= List of presidents of the Council of Italy (Spanish Empire) =

This is a List of presidents of the Council of Italy which existed in the Spanish Empire between 1554 and 1717.

== Formation ==
In the last years of the reign of King Charles I of Spain, the affairs of Sicily, Naples and Milan, which had hitherto been the responsibility of the Council of Aragon, were transferred to the Council of Italy, which was created in 1554 for that purpose.

The following is a chronological list of the presidents and governors of the Council of Italy, from its creation in 1554 until its demise in 1717.

== List of Presidents ==

| 1554–1555 | Juan Rodríguez de Figueroa, regent of Naples |  | Philip II (from 1556) |
| 1556–1558 | Francisco de Menchaca, counselor of Castile |  |  |
| 1558–1578 | Diego Hurtado de Mendoza, duke of Francavilla | Also Viceroy of Aragon (1554–1564) and Catalonia (1564–1571), but he held the title of president of the Council of Italy during his absence. |  |
| 1560–1561 1564–1565 | Juan Rodríguez de Figueroa, regent of Naples | Interim presidents during the absence of Diego Hurtado de Mendoza |  |
| 1565–1567 | Lorenzo Polo, regent of Naples |
| 1567 | Marcelo Pignone, regent of Naples |
| 1567–1571 | Gaspar de Quiroga, bishop of Cuenca |
| 1576–1578 | Francisco Hernández de Liébana |
| 1579–1586 | Antoine Perrenot de Granvelle | Ex-viceroy of Naples. |  |
| 1586–1594 | Gaspar de Quiroga, cardinal | 2nd term. Died while in office. |  |
| 1594–1596 | Diego Fernández de Cabrera, count of Chinchón |  |  |
| 1596–1600 | Juan de Zúñiga, count of Miranda | Ex-viceroy of Naples. Became president of the Council of Castile. | Philip III (from 1598). |
| 1601–1612 | Juan Fernández de Velasco, constable of Castile and duke of Frías | Ex-Governor of the Duchy of Milan. |  |
| 1612–1613 | Bernardo de Bolea, Vice Chancellor of Aragon |  |  |
| 1613–1615 | Juan Beltrán Guevara y Figueroa, bishop of Badajoz | Interim president until the arrival of the count of Lemos. Promoted to archbishop of Santiago. |  |
| 1615–1618 | Pedro Fernández de Castro, count of Lemos | Also Viceroy of Naples with retention of the presidency. Resigned. |  |
| 1618–1621 | Juan Alonso Pimentel, count of Benavente | Ex-viceroy of Naples.
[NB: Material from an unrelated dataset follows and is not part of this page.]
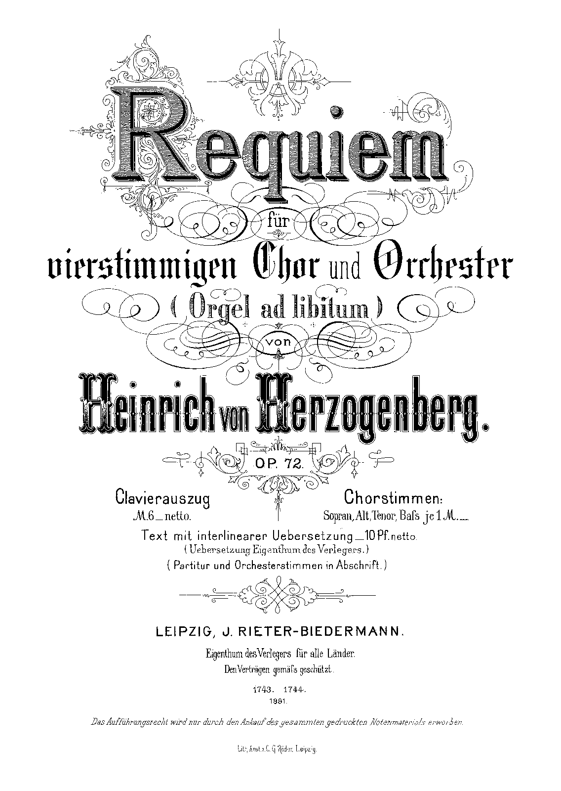 | Alternative. Title | Requiem für vierstimmigen Chor und Orchester (Orgel ad libitum) |

Died while in office. |  |
| 1621–1622 | Baltasar de Zúñiga y Velasco | Died while in office. | Philip IV (from 1621). |
| 1622–1630 | Manuel de Acevedo y Zúñiga, count of Monterrey | Former ambassador to Rome, he became viceroy of Naples. He was the nephew of the previous president. |  |
| 1630–1632 | Francisco Fernández de la Cueva, duke of Alburquerque | Ex-viceroy of Sicily. |  |
| 1633–? | Ramiro Núñez de Guzmán, duke of Medina de las Torres | Ex-viceroy of Naples. |  |
| ?–1645 | Gaspar de Borja, archbishop of Seville | Vice Chancellor of Aragon. |  |
| 1653–1655 | Diego Mexía Felípez de Guzmán, marquis of Leganés | Ex-Governor of the Duchy of Milan. Died while in office. |  |
| 1655–? | García de Haro, count of Castrillo | Also president of the Council of Castile. |  |
| 1660–1666 | Antonio Sancho Dávila, marquis of Velada | Ex-Governor of the Duchy of Milan. Also president of the Council of Flanders. Died while in office. | Charles II (from 1665). |
|  | Ramiro Núñez de Guzmán, duke of Medina de las Torres | 2nd term. |  |
| 1669–1671 | Duarte Fernando Álvarez de Toledo, count of Oropesa | Died while in office. |  |
| 1671–1676 | Gaspar de Bracamonte, count of Peñaranda | Ex-viceroy of Naples. |  |
| 1677–1689 | Antonio Álvarez de Toledo, duke of Alba |  |  |
| 1690–1698 | Manuel Joaquín Álvarez de Toledo, count of Oropesa | Became president of the Council of Castile. |  |
| 1698–1701 | Fadrique Álvarez de Toledo y Ponce de León, marquis of Villafranca | Ex-viceroy of Naples and of Sicily. | Philip V (from 1700). |
| 1703–1715 | Antonio Sebastián de Toledo Molina y Salazar, marquis of Mancera | In 1707 the council also became responsible for Sardinia, when the Council of Aragon was dissolved. |  |
Following the loss of all Italian territories in the treaties of Utrecht and Rastatt, the council was dissolved on 1 May 1717.